Cavalli-Sforza is based at Stanford, but I'm sure he spends most of his time off-campus.

Anon,

Attacking an idea through vigorous debate is one thing. Shutting down the debate is another. In this respect, the early 1970s were a turning point. It became impossible to talk about the race/IQ issue, except as a "myth."

Anon,

Bodmer talked about his father's experiences with Cavalli-Sforza and apparently with others. I don't think this was just idle chit-chat.

"Victimhood" is a subjective reality in the sense that it results not only from your own experiences but also from those of people you identify with, such as your father. I often meet people who consider themselves "victims" even though they've lived very comfortable lives.

Ben10 said...

About CS, what can you do, he must be 80 or more by now. Nobody produce new ideas at this age and this is a time in life where honors and power feel sweeter than real science. You are not into science at 80.
There was a very good book about Tycho Brahe the astronmer, 'Tycho and Kepler' from Kitty Ferguson. I encourage to read it. You realize that the academic world has not changed since 1601. Intrigues, lies, cheating, peer pressure, greed for money, recognition and political power rule.
Brahe was the supporter of the earth-centric system and all his life he battled for academic power and recognition. On his deathbead and despite all the evidences that Kepler brought to him, he refused to change his mind and asked Kepler to continue his work to proove that Earth was at the center of the universe! Once Brahe dead, Kepler just did the opposite and his theory could at last break the chains of the academic peer pressure.

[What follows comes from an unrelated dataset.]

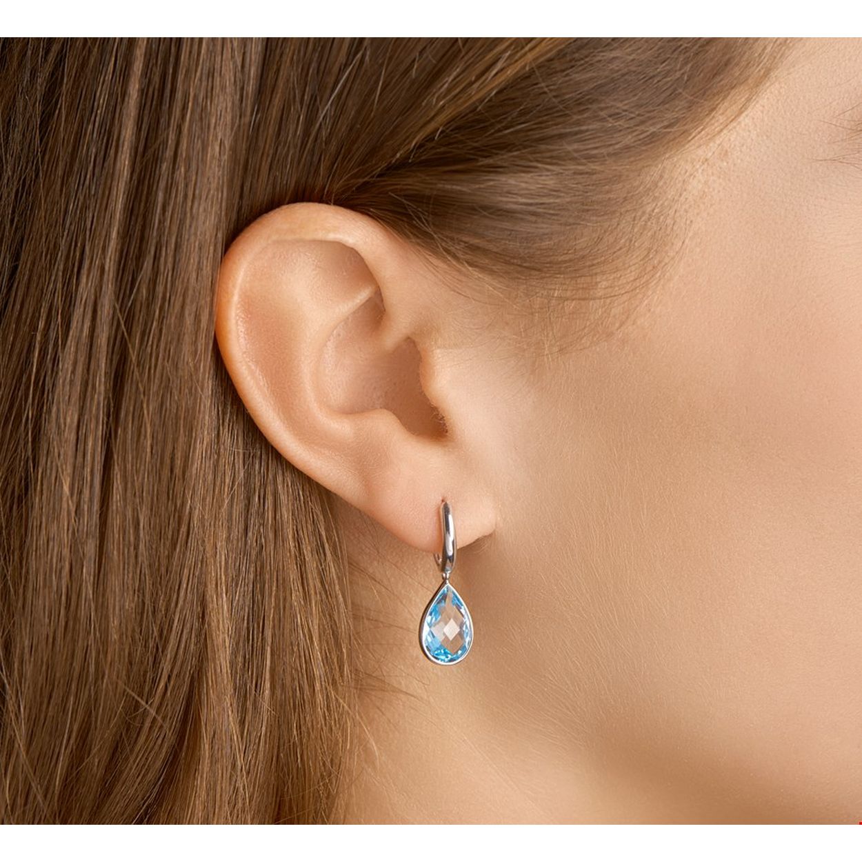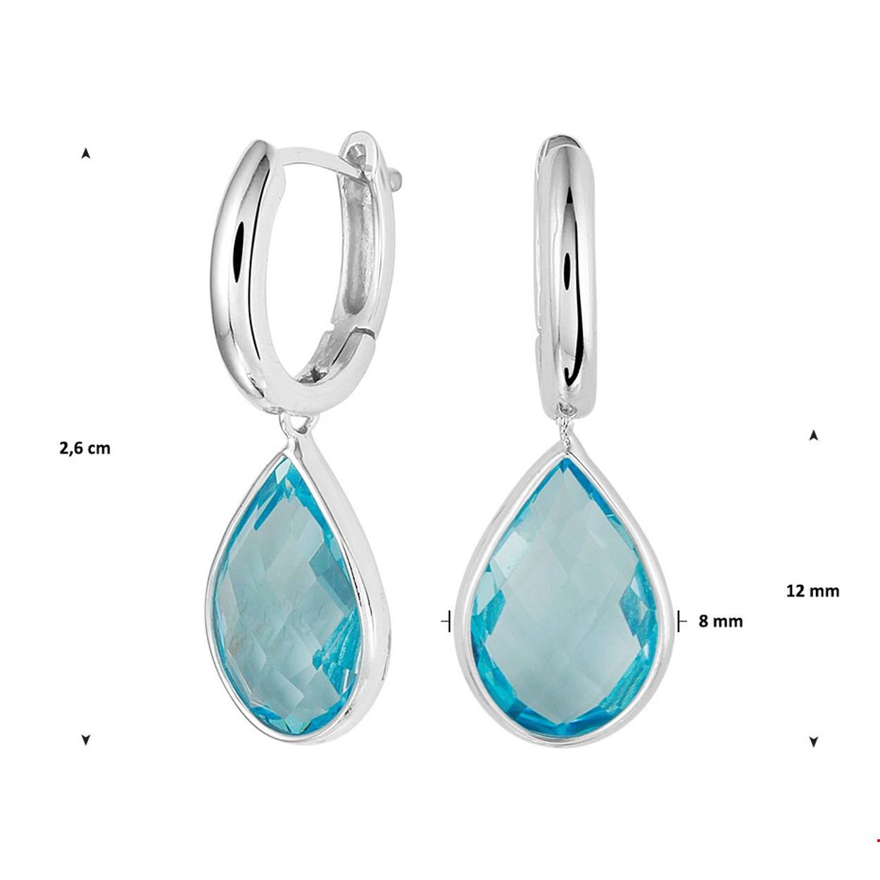 Helemaal hip zijn de oorhangers met peervormige kleursteen van 8x12mm. Deze variant met blauw topaas is iets wat zeker niet kan ontbreken in je assortiment. De hoogte van de oorbel is 26mm, en de breedte 12mm. Hij is gemaakt van 14k witgoud en sluit met een scharnier.
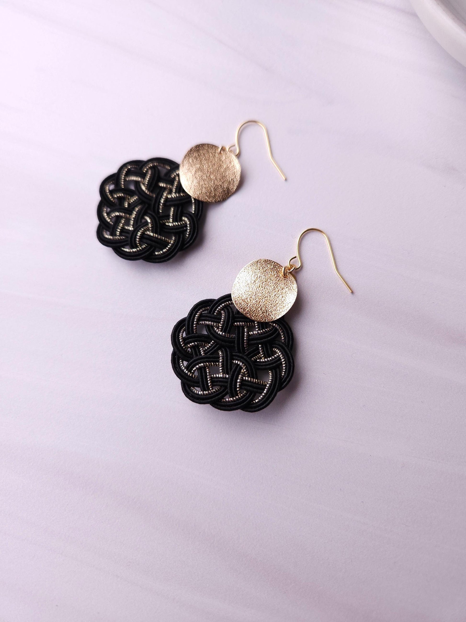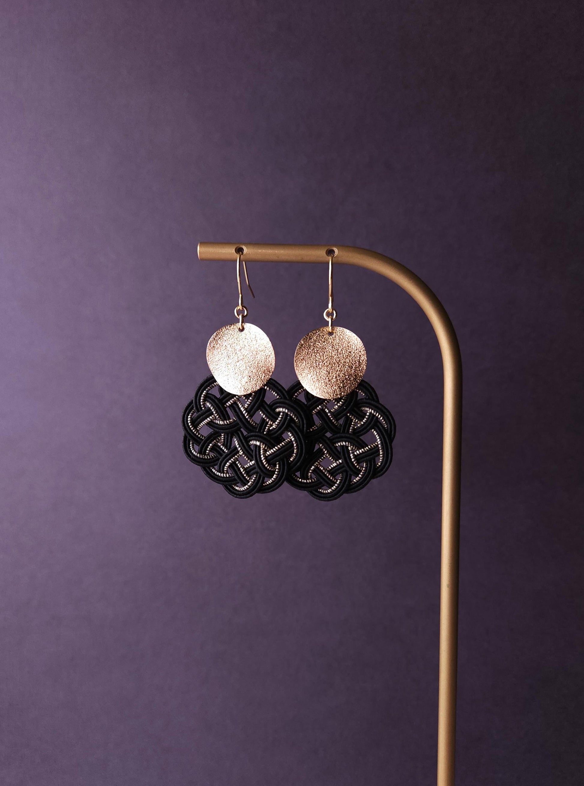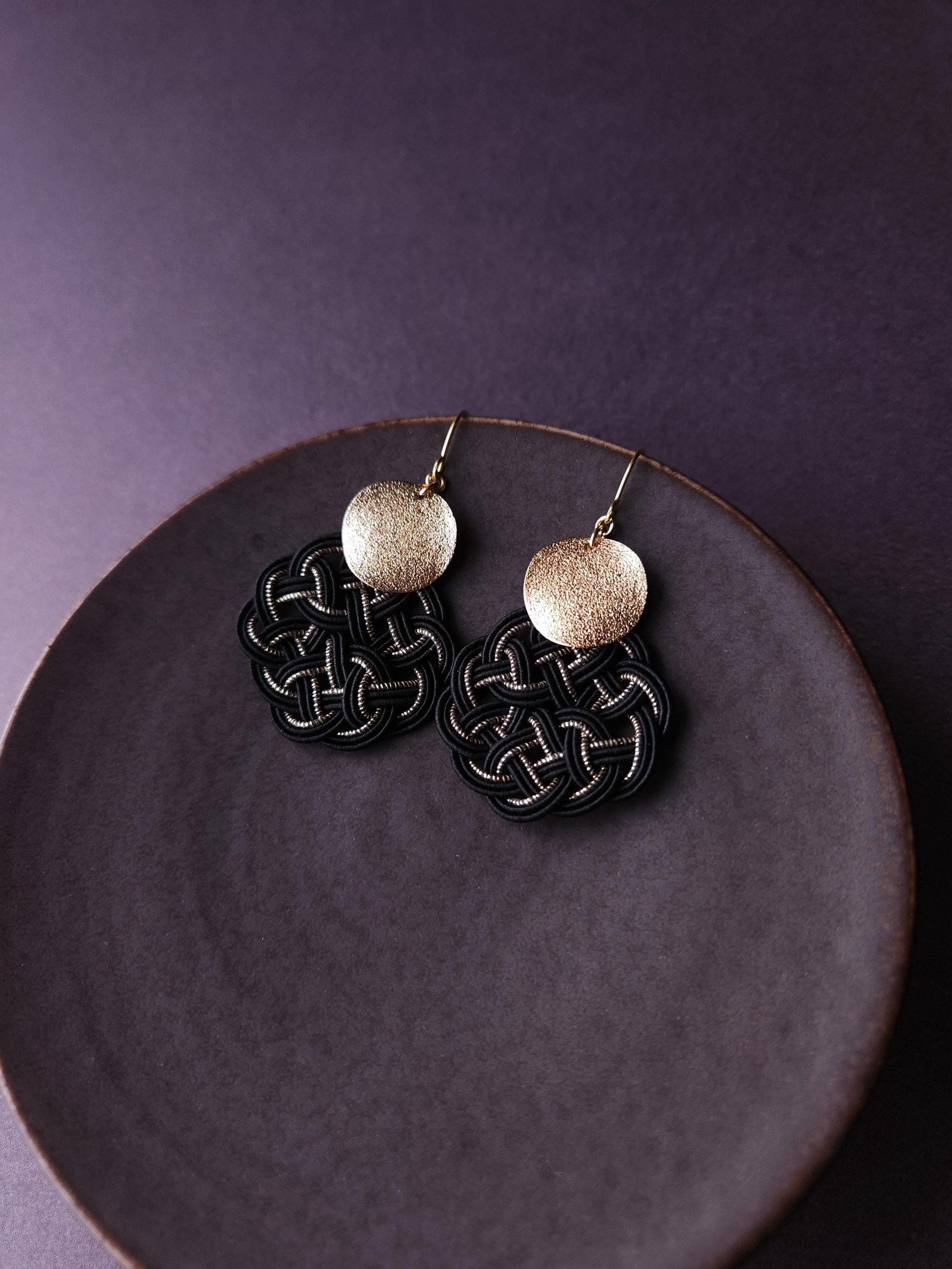 Each pieces are carefully handwoven into infinity knots with Mizuhiki and matched with shiny round metal parts.

There is an article on CNN about a Zedonk, a cross betweeen a donkey and a zebra. The zedonk might even be fertile. This is glorious proof that CS is right: there is no races. A donkey and a zebra are the same species as are Lions and Tigers, polar bears and grizzly bears, Coyotees and wolves, that can all interbreed.
No?

The hybrid shows limbs and ventral features that are zebra and donkey features dorsaly. According to the article his behavior is more zebra, in agreement with the law that when you cross two species, the older species's charaters prevail. The brain develops from the ectoderm and so it must be harwired like a zebra here, but to me, the donkey fur shows that donkey genes have prevailed in the neural crest (at least the rostral and dorsal neural crest) which also come from thre ectoderm and form much of the face and coat pattern. Any toughts about this apparent discrepancy?

http://www.cnn.com/2010/US/09/23/what.is.zedonk/index.html?hpt=Mid

elenama said...

Bodmer is perceived as being one of Cavalli-Sforza’s close associates. He was certainly the closest one during the 1970s, when they jointly wrote two textbooks and a number of articles. Bodmer is given nine mentions in the index to Stone and Lurquin’s biography of Cavalli-Sforza, many of which are lengthy. Strangely enough, he receives buy cialis only three mentions in the autobiography, two of which are single sentences. It is also odd that the autobiography says nothing about the 1970 Scientific American article, which was Cavalli-Sforza’s first high-profile publication.